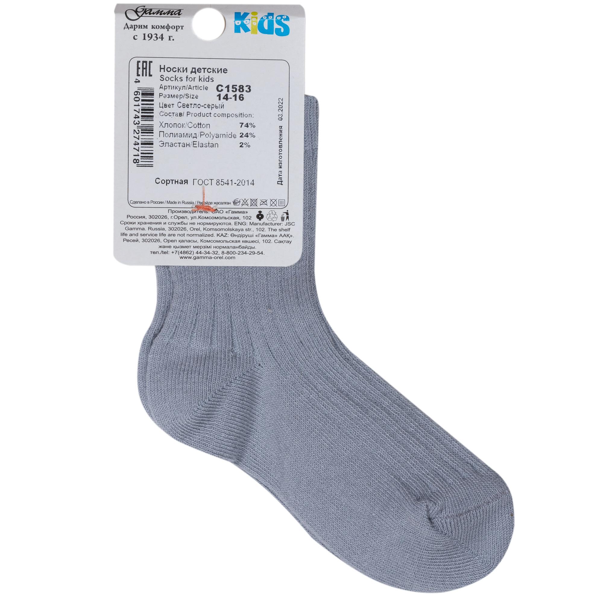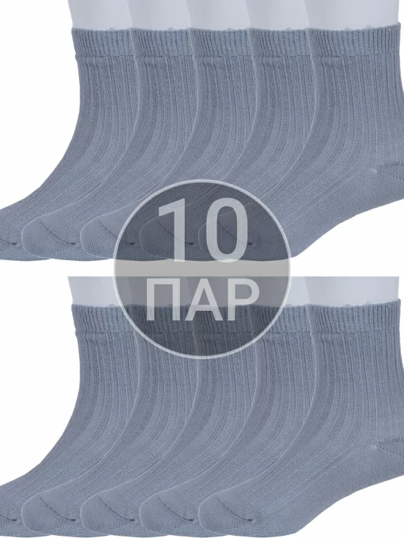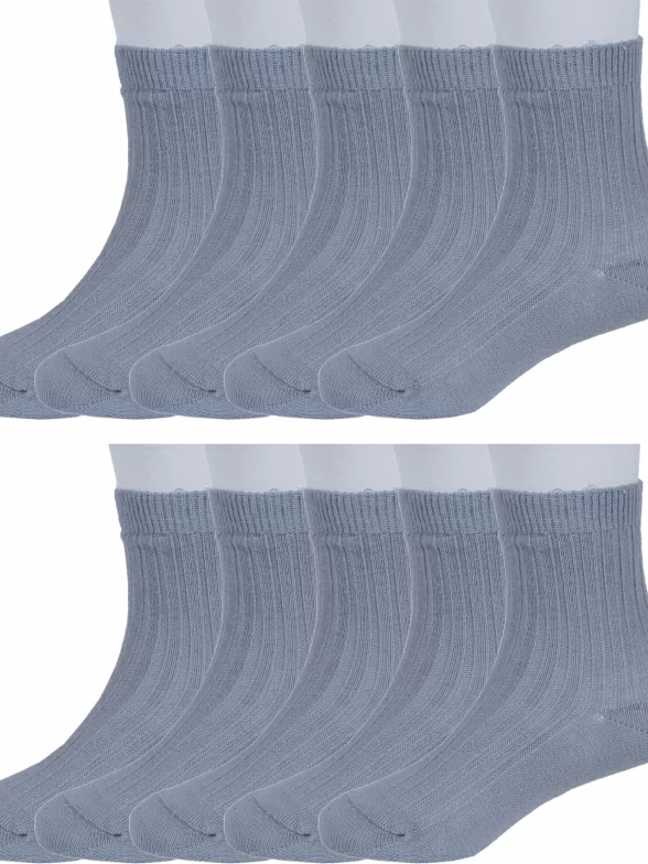 Комплект детских носков из 10 пар, круглогодичные, укороченные, цвет светло-серый, классические, шов обычный (не бесшовные), принт (рисунок): в рубчик, однотонный, состав: 74% хлопок, 24% полиамид, 2% эластан, арт. 10-С1583. Производитель «ГАММА» Россия под брендом «Гамма».
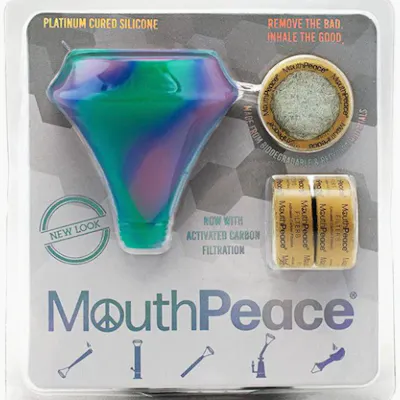 Did you know hemp smoke can deposit tar deeper into the lungs than cigarettes because of how it’s inhaled? After 16 months of R&D, we created the MouthPeace and MouthPeace Filters. Made from biodegradable and recycled materials, the triple-layer activated carbon filters sanitize smoke/vapor and enhance flavors by removing resins, contaminants, and tar; all without blocking your intake or reducing airflow. Replace Filter as needed for optimal performance. See and feel the difference. Kit includes MouthPeace, 3 Filters, and lanyard.
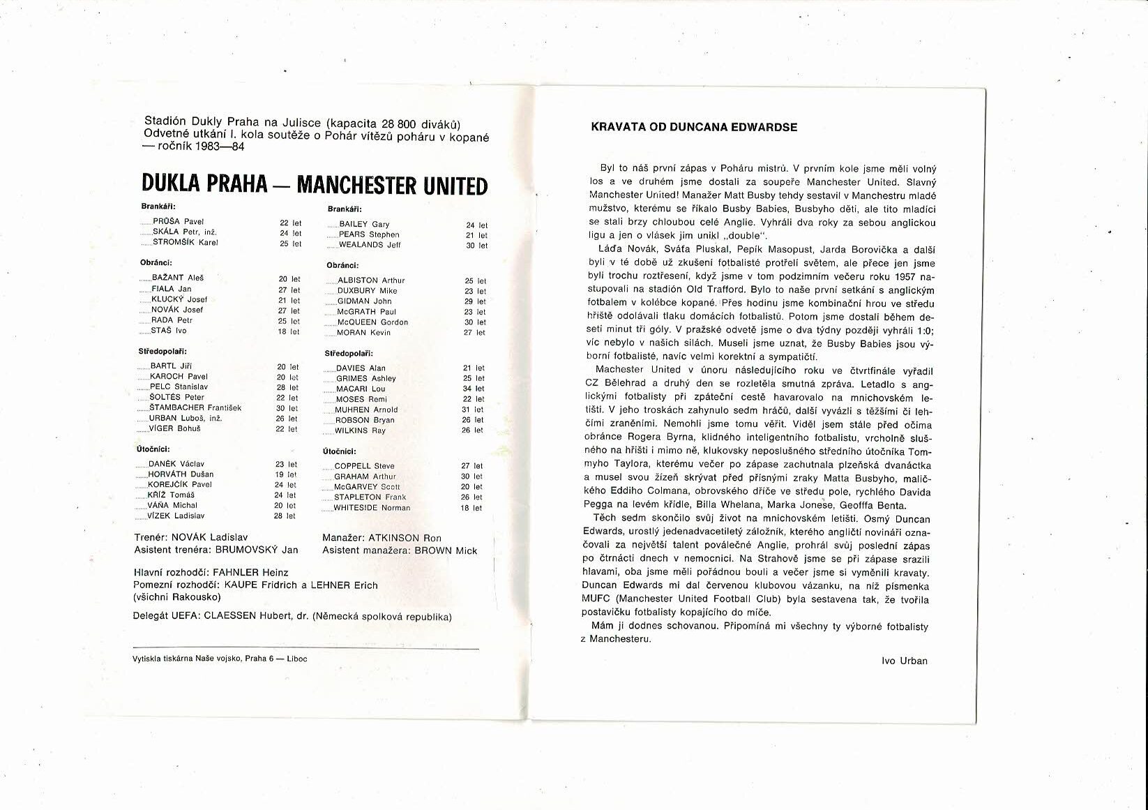 Dukla Prague v Manchester United European Cup Winners Cup Football Programme 1983/84

______________________________

Goal of the exercise
Your task is to repeat the listing exactly while omitting its pictures.

Output for this task
 Комплект детских носков из 10 пар, круглогодичные, укороченные, цвет светло-серый, классические, шов обычный (не бесшовные), принт (рисунок): в рубчик, однотонный, состав: 74% хлопок, 24% полиамид, 2% эластан, арт. 10-С1583. Производитель «ГАММА» Россия под брендом «Гамма».
 Did you know hemp smoke can deposit tar deeper into the lungs than cigarettes because of how it’s inhaled? After 16 months of R&D, we created the MouthPeace and MouthPeace Filters. Made from biodegradable and recycled materials, the triple-layer activated carbon filters sanitize smoke/vapor and enhance flavors by removing resins, contaminants, and tar; all without blocking your intake or reducing airflow. Replace Filter as needed for optimal performance. See and feel the difference. Kit includes MouthPeace, 3 Filters, and lanyard.
 Dukla Prague v Manchester United European Cup Winners Cup Football Programme 1983/84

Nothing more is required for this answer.